В 1532 году под псевдонимом Алькофрибас Насье (фр. Alcofribas Nasier, анаграмма от его собственного имени без седиля) Рабле опубликовал свою первую книгу — «Пантагрюэль», ставшую потом второй частью обессмертившего его имя «Гаргантюа и Пантагрюэля». В 1534 году последовала её предыстория — «Гаргантюа», где рассказывалось о жизни отца протагониста предыдущей книги. Оба произведения были осуждены богословами Сорбонны и католическими клириками за своё сатирическое содержание. Третья часть, опубликованная Рабле в 1546 году под его настоящим именем, также была запрещена.

Благодаря поддержке влиятельной семьи дю Белле Рабле получил разрешение короля Франциска I на продолжение публикаций. Однако после смерти монарха писатель вновь столкнулся с неодобрением академической элиты, а французский парламент приостановил продажи его четвёртой книги.

Рабле некоторое время — в 1534 и 1539 годах преподавал медицину в Монпелье. Он часто путешествовал в Рим вместе со своим другом кардиналом Жаном дю Белле, также недолгое время (когда пользовался покровительством Франциска I) жил в Турине у его брата Гийома. Семейство дю Белле снова помогло Рабле в 1540 году — в легализации двух его детей (Огюста Франсуа и Жюни).

В 1545—1547 годах Рабле жил в Меце, республиканском имперском вольном городе, где нашёл укрытие от осуждения парижских богословов. В 1547 году он был назначен викарием Сен-Кристоф-дю-Жамбе (англ.) и Мёдона (отказался от этой должности незадолго до своей смерти в Париже в 1553 году).

Один из замечательнейших писателей своей эпохи, Рабле является, вместе с тем, самым верным и живым отражением её; стоя наряду с величайшими сатириками, он занимает почётное место между философами и педагогами. Рабле — вполне человек своего времени, человек Возрождения по своим симпатиям и привязанностям, по своей страннической, почти бродячей жизни, по разнообразию своих сведений и занятий. Он является гуманистом, медиком, юристом, филологом, археологом, натуралистом, богословом, и во всех этих сферах — «самым доблестным собеседником на пиршестве человеческого ума». Все умственное, нравственное и социальное брожение его эпохи отразилось в двух великих его романах.

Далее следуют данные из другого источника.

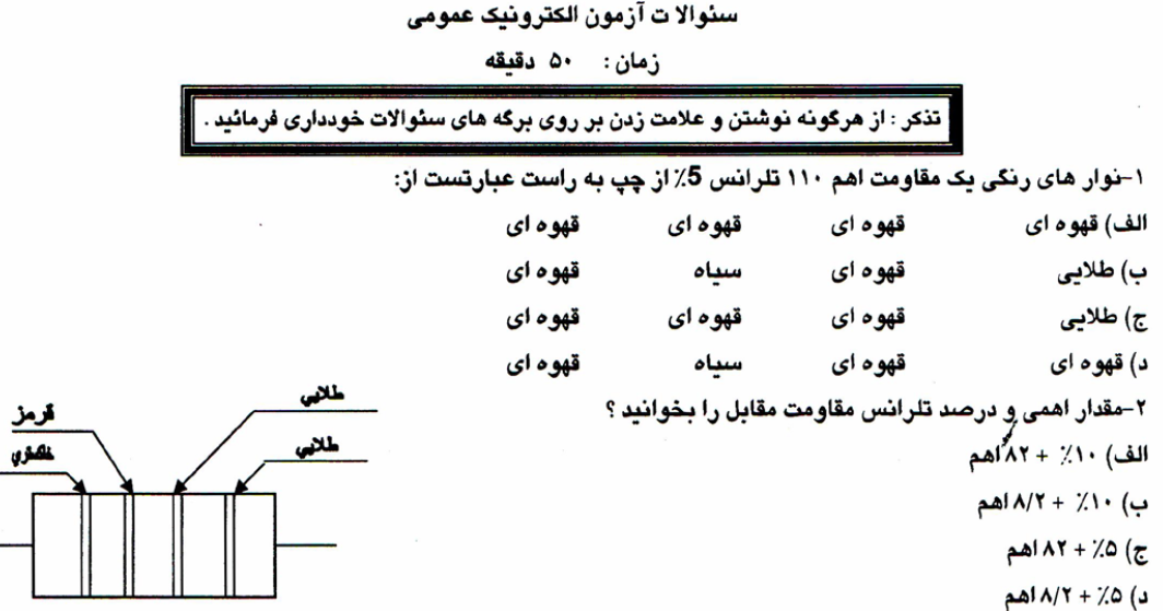 صفحه محصول - سوالات آزمون پایان دوره الکترونیک عمومی - 4 صفحه - pdf
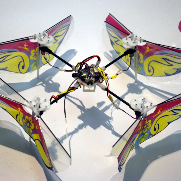 Last but certainly not least is the Flapping-Wing Micro Air Vehicle (FWMAV) from the University of California, Irvine. Essentially, the team took the traditional quadcopter design we’re all familiar with and replaced the spinning propellers with four sets of ornithopter wings. The amalgamation of these two vastly different styles of flight results in a vehicle with the maneuverability of a quadcopter but without the noise and hazardous blades which thus far have been considered part and parcel with small UAVs.
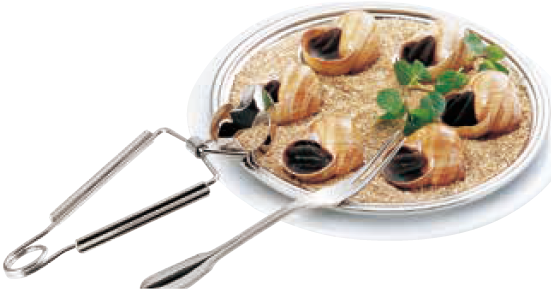 エスカルゴフォーク:小さな二又フォークで、殻の中の身を取り出す
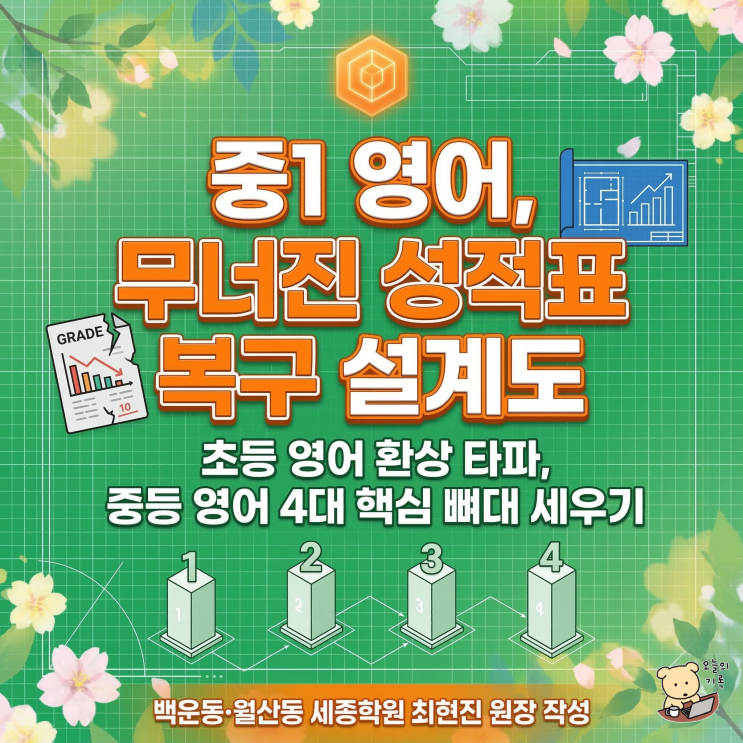 안녕하세요? 저는 백운동·월산동에서 영어학원 세종학원을 운영하고 있는 최현진입니다. 백운동·월산동에서 중학교 1학년 자녀를 키우는 학부모님들과 상담을 하다 보면 매년 봄, 비슷한 이야기를 듣게 됩니다. "초등학교 때는 영어가 괜찮았는데, 중학교 올라가더니 갑자기 어려워해요." "단어는 외우는 것 같은데 문장을 만들지는 못해요." "시험지를 보면 본 적은 있는 것 같은데 자꾸 틀려요." 처음 이런 말들을 들었을 때 학부모님 마음은 어떠셨나요? 당황스럽고, 어디서부터 도와줘야 할지 막막하셨을 것 같습니다. 매년 중학교 1학년 학생들을 만나면서 느끼는 것이 있습니다. 아이가 영어를 어려워하기 시....... <img src="https://blogthumb.pstatic.net/MjAyNjAzMTZfMTA3/MDAxNzczNjIzOTk4MzYx.0AyON8zHCqadTMVRydJmFUQeNQhwnRhOxQhWlpGsCAwg.pT5a2f9cJ2ozl-El2YFIaWA_KjyZlTNGm-Stm6AwwEQg.PNG/Gemini_Generated_Image_holahlholahlhola.png?type=s3" />

Орудие сатиры Рабле — смех, смех исполинский, часто чудовищный, как его герои. «Страшному общественному недугу, свирепствовавшему повсюду, он предписал огромные дозы смеха».

Сатирический роман французского писателя XVI века Франсуа Рабле в пяти книгах о двух добрых великанах-обжорах, отце и сыне. Роман высмеивает многие человеческие пороки, не щадит современные автору государство и церковь. В романе Рабле высмеивает, с одной стороны, многочисленные притязания церкви, а с другой — невежество и лень монахов. Рабле красочно показывает все пороки католического духовенства, которые вызывали массовый протест во время Реформации.

Издания

  • Классическое издание — Марти-Лаво, вышедшее в 1875 году под заглавием: «Oeuvres Complètes de Rabelais», с примечаниями и словарём.

Переводы на русский язык

  • Повесть славного Гаргантуаса, страшнейшего великана из всех, доныне находившихся в свете. — СПб., 1790 (первый русский перевод)
  • Избранные места из «Гаргантюа» и «Пантагрюэлля» Рабле и «Опытов» Монтеня. / Перевод С. Смирнова. — М., 1896.
  • Гаргантюа и Пантагрюэль. / Перевод В. А. Пяста. — М.-Л.: ЗИФ, 1929. — 536 с., 5 000 экз.
  • Гаргантюа и Пантагрюэль. / Перевод Н. М. Любимова. — М.: Гослитиздат, 1961. Издание содержит многочисленные сокращения цензурного характера, в том числе удалённые главы.
  • Гаргантюа и Пантагрюэль. / Перевод Н. М. Любимова. — М.: Художественная литература, 1973. — (Библиотека всемирной литературы). Тот же перевод, но с почти полностью восстановленным текстом.
  • Многочисленные переиздания.

Напишите отзыв о статье "Рабле, Франсуа"

Примечания

  1. М. М. Бахтин. [philosophy.ru/library/bahtin/rable.html Творчество Франсуа Рабле и народная культура Средневековья и Ренессанса]. — 1965.
  2. The Rabelais Encyclopedia, С. xiii
  3. [www.bartleby.com/65/ra/Rabelais.html Rabelais, François]. The Columbia Encyclopedia, Sixth Edition. 2001–07.. [www.webcitation.org/6FcCo4iYg Архивировано из первоисточника 4 апреля 2013].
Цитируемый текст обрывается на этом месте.